Abu Fukayha (c.540–c.620) was the kunya of Yasar, a companion of the Islamic prophet Muhammad. Three verses of the Quran were revealed about a situation that concerned him.

Biography

Abu Fukayha was ancestrally from the Azd tribe in Yemen. He was a slave in Mecca in the possession of Safwan ibn Umayya ibn Muharrith of the Kinana tribe. His master manumitted him at an unknown date; but his social status in the city remained "insignificant".

He had one son, Abu Tajra, and two daughters, Fukayha and Baraka. 
Abu Tajra became the mawla of the Abdaldar clan and in his turn had two daughters, Barra and Habiba.
Baraka was a mawla of Abu Sufyan. She married Qays in Abdallah, a member of the Asad tribe and an ally of Sa'id ibn al-'As ibn Umayya. They had one daughter, Umayya.
Fukayha married Hattab ibn al-Harith from the Juma clan.
Baraka and Fukayha were among the Muslims who migrated to Abyssinia, together with Safwan ibn Umayya's daughter Fatima. 
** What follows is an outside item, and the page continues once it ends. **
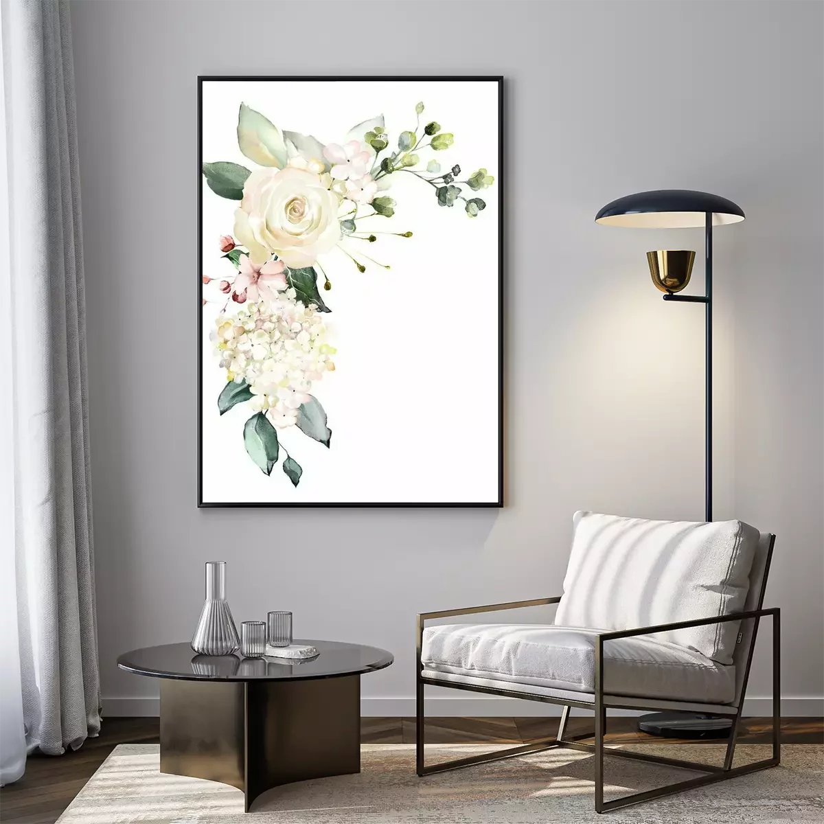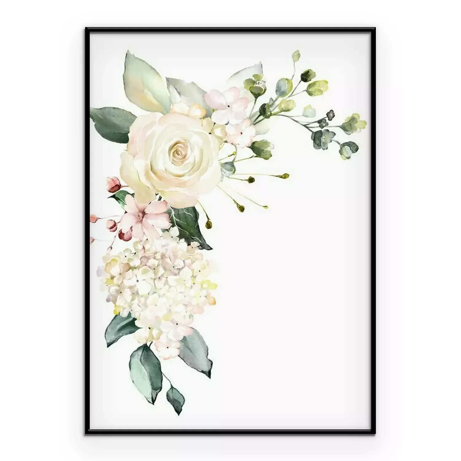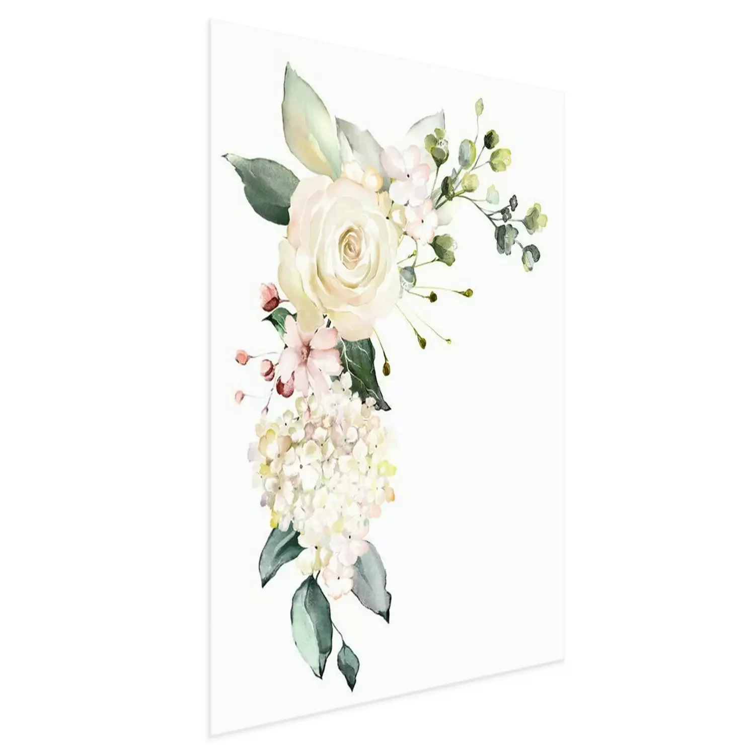 Poster  Motif éthéré de roses blanches avec des feuilles

The aged Abu Fukayha became a Muslim. He suffered under the persecution of 614-616, when he was tortured until he did not know what he was saying. Muhammad said that a Muslim who denied his faith under such circumstances, yet "whose heart remains at rest in its faith," was not to blame.

Abu Fukayha and other poor men used to sit in the Kaaba with Muhammad. The Quraysh used to jeer at Muhammad for consorting with humble people, saying: "These are his companions, as you see. Is it such creatures that God has chosen from among us to give guidance and truth? If what Muhammad has brought were a good thing these fellows would not have been the first to get it, and God would not have put them before us." Muhammad produced this prophecy in response.
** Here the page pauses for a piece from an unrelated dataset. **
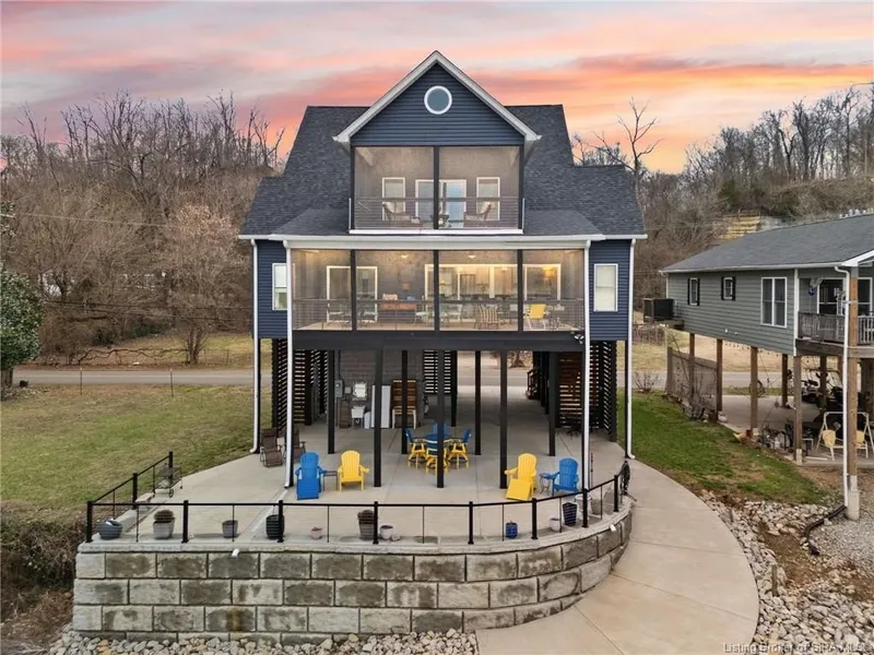 Located near the East End Bridge and designed for ultimate river viewing, gorgeous sunsets & entertaining! This includes the buildable lot across the street that has boat storage and a gravel parking pad. Custom built by Elliss Construction in 2022 per FEMA code with thoughtful detail given to aging in place, this home provides comfort & ease of living. The elevator travels from the ground to all levels of the home. There are 3 en suites with large walk-in closets. The main floor is open w/a huge kitchen, dining space, living room, en suite bedroom, walk in pantry, half bath, an enormous storage room and a gas fireplace. Walk out to the screened in porch to watch the boats go by. Two more en suites are on the 2nd floor with one currently being used as a primary, and includes another screened porch and gorgeous bath and coffee/wine bar area. Thoughtfully planned with abundant storage and spray foam insulation. Selby House custom blinds for the bedrooms provide black out or day light. The piers for a new dock are there & the poured concrete path to the steps provides easy access to boat life. Tons of upgrades include tankless water heater, security system (Buyer to take over if desired), custom mantle, gas fireplace, Amish built cabinets and so much more. Minutes from the CCC in Utica and across the river from Captains Quarters. Come see what river life is all about! Sq footage, taxes, & school systems to be verified by the buyer(s)/Buyer's Agent if critical to the buyer(s).

Abu Fukayha is not mentioned among those who emigrated to Medina in 622. It is likely that he had died of natural causes by this date.

Historical Note

It is popularly believed that Abu Fukayha was bought and manumitted by Abu Bakr. This is not correct. His name does not appear on Ibn Ishaq's list of slaves bought by Abu Bakr, which professes to be complete. Rather, Ibn Ishaq expressly states that it was Abu Fukayha's original master, Safwan, who freed him.